Dataset:
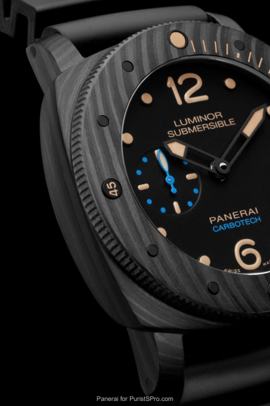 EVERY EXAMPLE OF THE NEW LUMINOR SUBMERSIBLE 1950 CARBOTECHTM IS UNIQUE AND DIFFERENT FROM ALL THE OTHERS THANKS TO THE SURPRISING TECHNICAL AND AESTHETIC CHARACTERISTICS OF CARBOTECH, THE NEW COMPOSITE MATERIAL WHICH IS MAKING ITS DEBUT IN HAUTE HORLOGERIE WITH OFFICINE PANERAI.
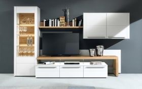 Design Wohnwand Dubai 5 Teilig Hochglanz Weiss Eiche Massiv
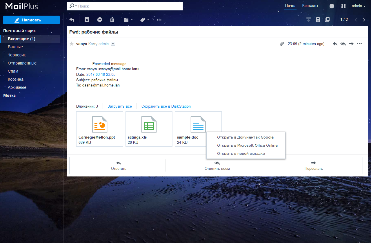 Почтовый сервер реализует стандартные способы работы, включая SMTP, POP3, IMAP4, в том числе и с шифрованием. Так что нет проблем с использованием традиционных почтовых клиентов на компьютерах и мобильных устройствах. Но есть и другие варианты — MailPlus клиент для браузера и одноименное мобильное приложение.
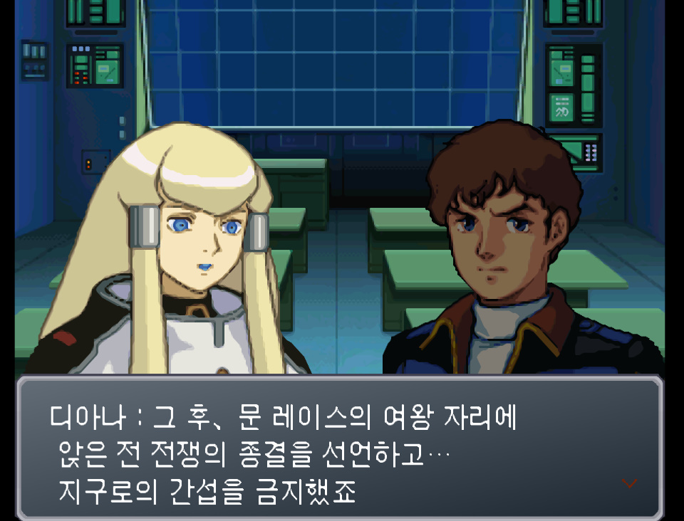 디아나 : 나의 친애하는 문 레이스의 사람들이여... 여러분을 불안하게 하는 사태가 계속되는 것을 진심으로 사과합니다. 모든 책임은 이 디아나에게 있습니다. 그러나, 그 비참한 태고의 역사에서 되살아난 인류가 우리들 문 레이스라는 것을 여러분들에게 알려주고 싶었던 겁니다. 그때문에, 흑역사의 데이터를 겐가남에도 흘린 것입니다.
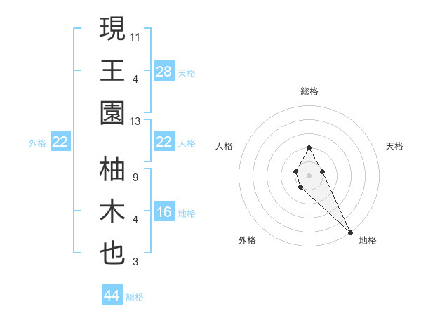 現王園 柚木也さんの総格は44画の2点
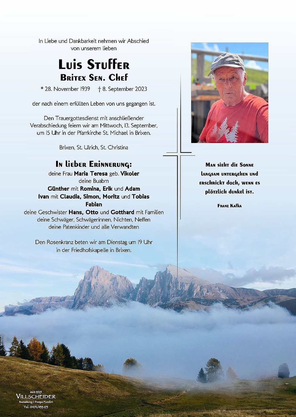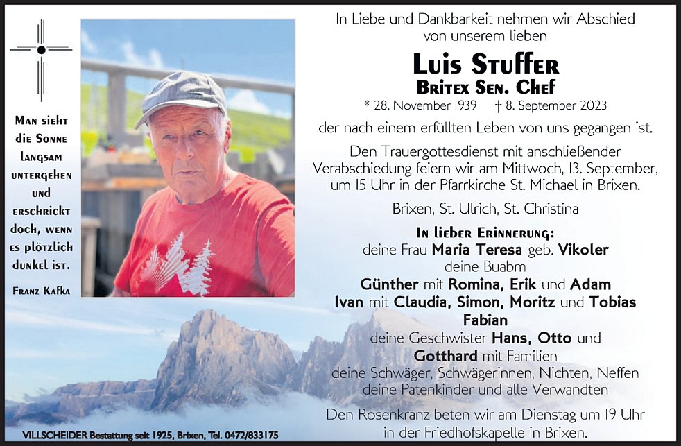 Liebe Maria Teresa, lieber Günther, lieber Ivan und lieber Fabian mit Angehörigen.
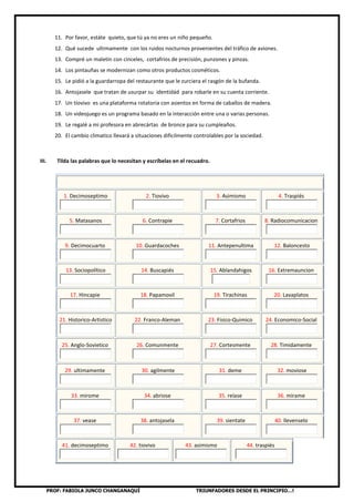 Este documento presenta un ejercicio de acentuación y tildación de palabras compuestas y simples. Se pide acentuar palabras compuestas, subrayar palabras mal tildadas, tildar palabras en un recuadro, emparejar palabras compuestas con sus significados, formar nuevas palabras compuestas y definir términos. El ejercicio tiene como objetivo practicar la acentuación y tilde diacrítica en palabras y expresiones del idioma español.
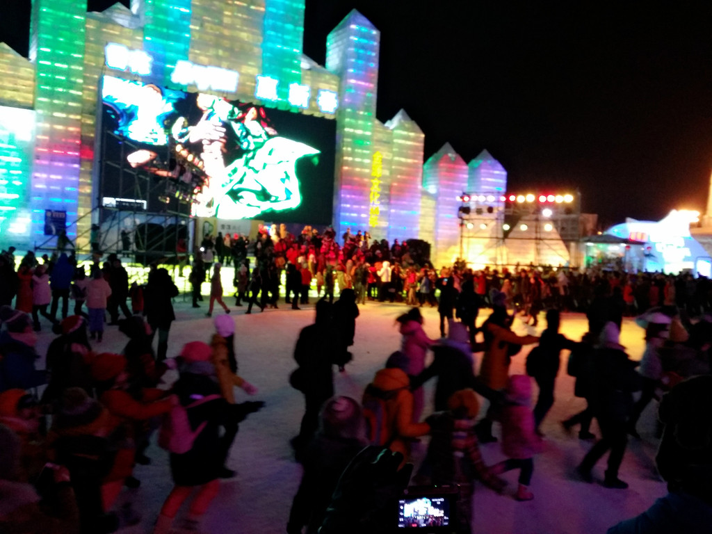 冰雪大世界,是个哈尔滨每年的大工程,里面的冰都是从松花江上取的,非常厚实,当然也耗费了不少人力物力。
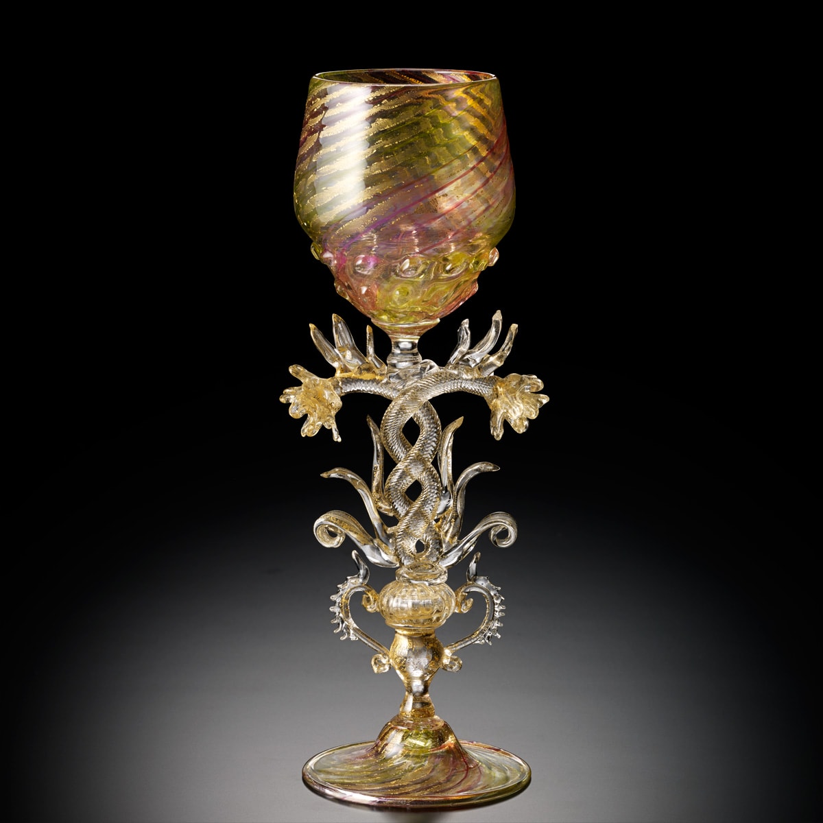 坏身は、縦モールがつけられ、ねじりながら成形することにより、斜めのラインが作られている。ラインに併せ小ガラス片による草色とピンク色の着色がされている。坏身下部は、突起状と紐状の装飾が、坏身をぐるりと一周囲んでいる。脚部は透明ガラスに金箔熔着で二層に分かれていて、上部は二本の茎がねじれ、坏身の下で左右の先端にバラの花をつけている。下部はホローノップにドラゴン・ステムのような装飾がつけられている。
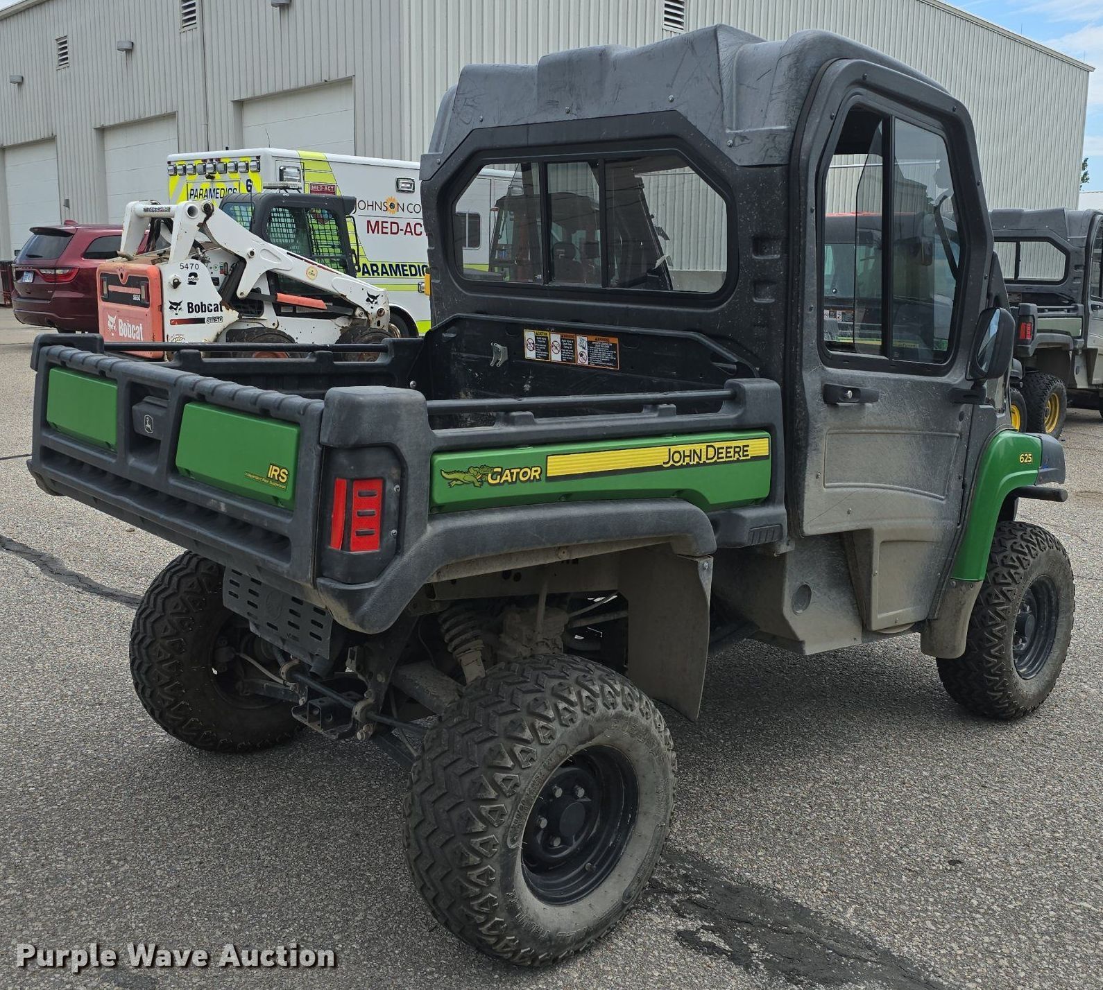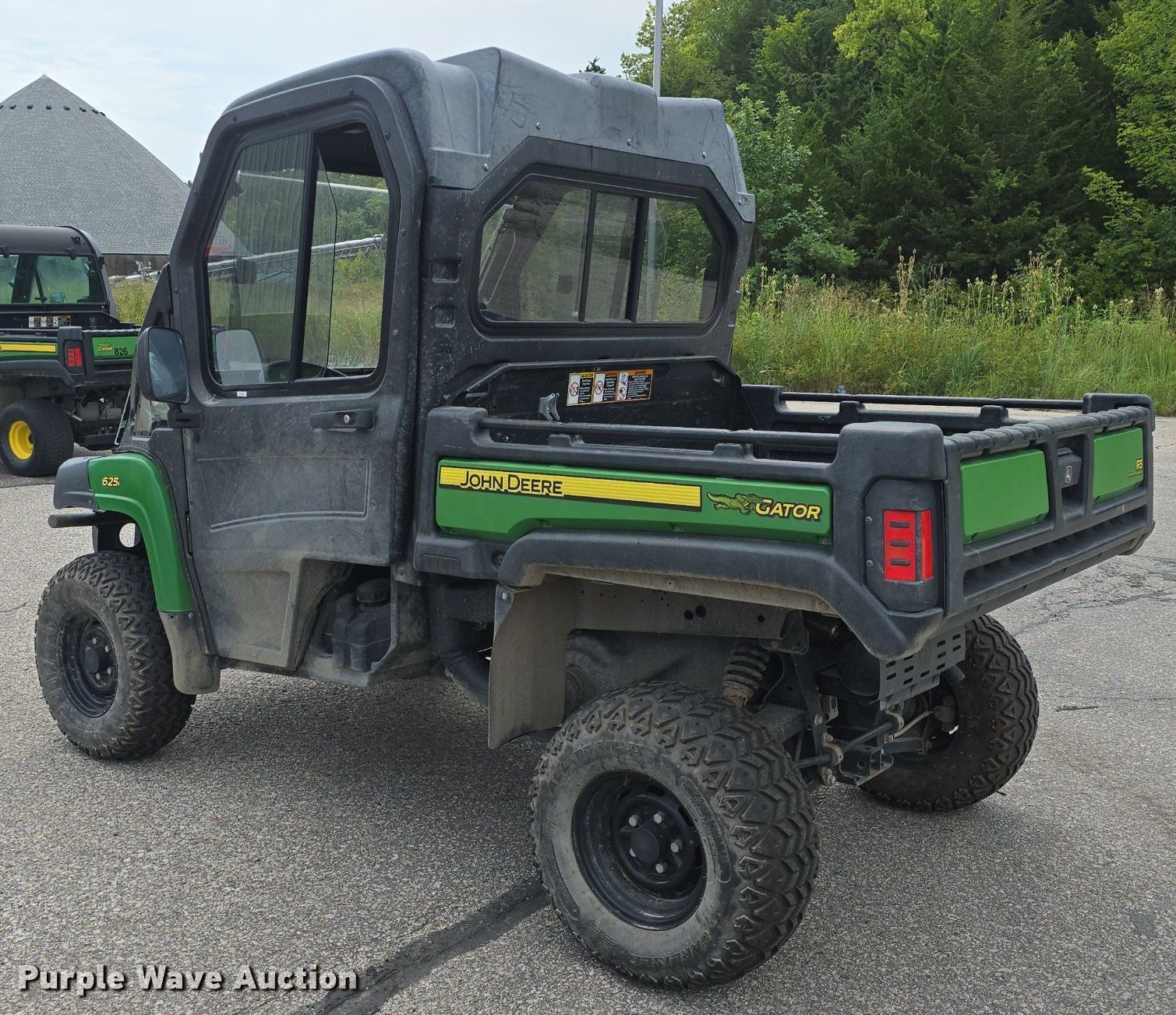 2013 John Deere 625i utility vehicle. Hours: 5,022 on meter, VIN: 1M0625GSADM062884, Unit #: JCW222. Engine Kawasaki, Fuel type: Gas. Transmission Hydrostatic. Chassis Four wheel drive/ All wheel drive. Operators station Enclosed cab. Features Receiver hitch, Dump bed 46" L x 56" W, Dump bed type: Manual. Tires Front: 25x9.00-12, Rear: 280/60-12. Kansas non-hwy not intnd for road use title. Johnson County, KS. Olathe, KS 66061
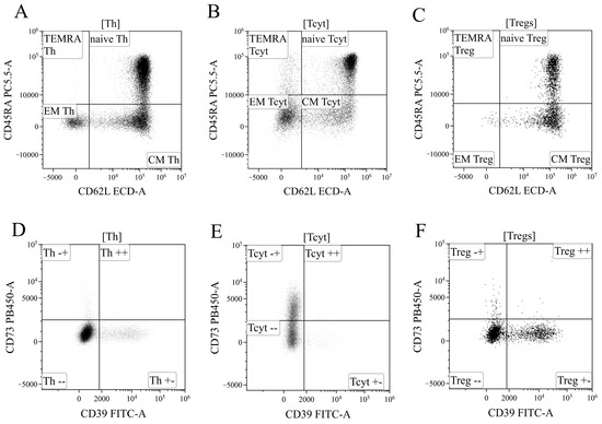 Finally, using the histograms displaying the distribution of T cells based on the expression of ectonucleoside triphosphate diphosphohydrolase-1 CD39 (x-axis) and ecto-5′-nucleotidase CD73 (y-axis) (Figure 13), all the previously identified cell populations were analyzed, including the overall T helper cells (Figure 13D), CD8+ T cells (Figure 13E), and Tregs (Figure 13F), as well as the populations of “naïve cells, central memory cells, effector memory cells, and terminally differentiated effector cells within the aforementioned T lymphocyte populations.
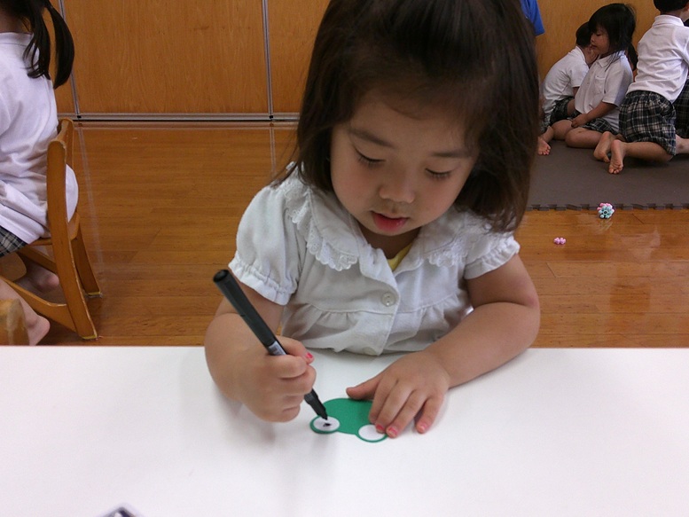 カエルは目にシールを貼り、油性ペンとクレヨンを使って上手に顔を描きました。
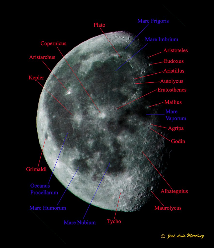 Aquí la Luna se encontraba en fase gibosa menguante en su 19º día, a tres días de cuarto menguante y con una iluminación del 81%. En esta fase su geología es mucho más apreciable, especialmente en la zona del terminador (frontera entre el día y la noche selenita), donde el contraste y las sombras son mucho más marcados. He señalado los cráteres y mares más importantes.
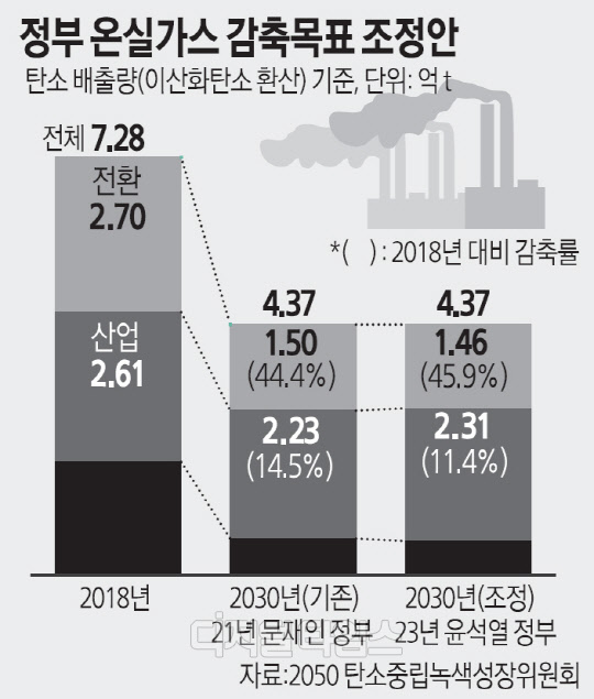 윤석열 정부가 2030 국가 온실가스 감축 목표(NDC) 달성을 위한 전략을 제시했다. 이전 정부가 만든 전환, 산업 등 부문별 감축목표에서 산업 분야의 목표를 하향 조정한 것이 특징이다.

Your instructions: Copy word for word the lines above, starting at the line containing "冰雪大世界,是个哈尔滨每年的" and ending at the line containing "坏身は、縦モールがつけられ、", inclusive, with no pictures.

Response:
 冰雪大世界,是个哈尔滨每年的大工程,里面的冰都是从松花江上取的,非常厚实,当然也耗费了不少人力物力。
 坏身は、縦モールがつけられ、ねじりながら成形することにより、斜めのラインが作られている。ラインに併せ小ガラス片による草色とピンク色の着色がされている。坏身下部は、突起状と紐状の装飾が、坏身をぐるりと一周囲んでいる。脚部は透明ガラスに金箔熔着で二層に分かれていて、上部は二本の茎がねじれ、坏身の下で左右の先端にバラの花をつけている。下部はホローノップにドラゴン・ステムのような装飾がつけられている。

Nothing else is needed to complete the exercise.